= Cell software development =

Software development for the Cell microprocessor involves a mixture of conventional development practices for the PowerPC-compatible PPU core, and novel software development challenges with regard to the functionally reduced SPU coprocessors.

==Linux on Cell==
An open source software-based strategy was adopted to accelerate the development of a Cell BE ecosystem and to provide an environment to develop Cell applications, including a GCC-based Cell compiler, binutils and a port of the Linux operating system.

==Octopiler==
Octopiler is IBM's prototype compiler to allow software developers to write code for Cell processors.

==Software portability==

===Adapting VMX for SPU===

====Differences between VMX and SPU====
The VMX (Vector Multimedia Extensions) technology is conceptually similar to the vector model provided by the SPU processors, but there are a number of significant differences.

VMX to SPU Comparison unfinished
| feature | VMX | SPU |
|---|---|---|
| word size | 32 bits | 32 bits |
| number of registers | 32 | 128 |
| register width | 128-bit quadword | 128-bit quadword |
| integer formats | 8, 16, 32 | 8, 16, 32, 64 |
| saturation support | yes | no |
| byte ordering | big (default), little | big endian |
| floating point modes | Java, non-Java | single precision, IEEE double |
| Memory alignment | quadword only | quadword only |

The VMX Java mode conforms to the Java Language Specification 1 subset of the default IEEE Standard, extended to include IEEE and C9X compliance where the Java standard falls silent. In a typical implementation, non-Java mode converts denormal values to zero but Java mode traps into an emulator when the processor encounters such a value.

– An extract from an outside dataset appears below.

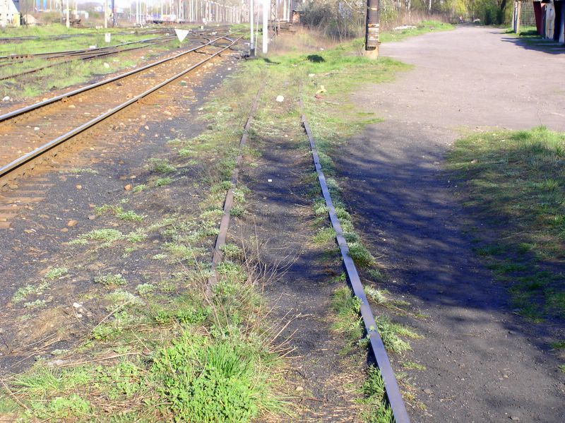 Tor wąski przecięty był bocznicą normalnotorową z Gzutu. Widok w stronę linii kolejowej.

The IBM PPE Vector/SIMD manual does not define operations for double-precision floating point, though IBM has published material implying certain double-precision performance numbers associated with the Cell PPE VMX technology.

====Intrinsics====
Compilers for Cell provide intrinsics to expose useful SPU instructions in C and C++. Instructions that differ only in the type of operand (such as a, ai, ah, ahi, fa, and dfa for addition) are typically represented by a single C/C++ intrinsic which selects the proper instruction based on the type of the operand.

====Porting VMX code for SPU====
A substantial amount of VMX (Altivec) code developed for IBM Power microprocessors, particularly under the PowerPC version of macOS, can potentially be adapted for use on the SPU. The feasibility of porting depends on the extent of VMX-specific features used—ranging from straightforward to impractical. However, key workloads typically map well to the SPU architecture.

In some cases, existing VMX code can be ported directly. If the VMX code is highly generic (makes few assumptions about the execution environment) the translation can be relatively straightforward. The two processors specify a different binary code format, so recompilation is required at a minimum. Even where instructions exist with the same behaviors, they do not have the same instruction names, so this must be mapped as well. IBM's development toolkit includes compiler intrinsics that automate much of this mapping.

In multiple cases, however, a directly equivalent instruction does not exist. The workaround might be obvious or it might not. For example, if saturation behavior is required on the SPU, it can be coded by adding additional SPU instructions to accomplish this (with some loss of efficiency). At the other extreme, if Java floating-point semantics are required, this is almost impossible to achieve on the SPU processor. To achieve the same computation on the SPU might require that an entirely different algorithm be written from scratch.

The most important conceptual similarity between VMX and the SPU architecture is supporting the same vectorization model. For this reason, most algorithms adapted to Altivec will usually adapt successfully to the SPU architecture as well.

==Local store exploitation==
Transferring data between the local stores of different SPUs can have a large performance cost. The local stores of individual SPUs can be exploited using a variety of strategies.

Applications with high locality, such as dense matrix computations, represent an ideal workload class for the local stores in Cell BE.

Streaming computations can be efficiently accommodated using software pipelining of memory block transfers using a multi-buffering strategy.

The software cache offers a solution for random accesses.

More sophisticated applications can use multiple strategies for different data types.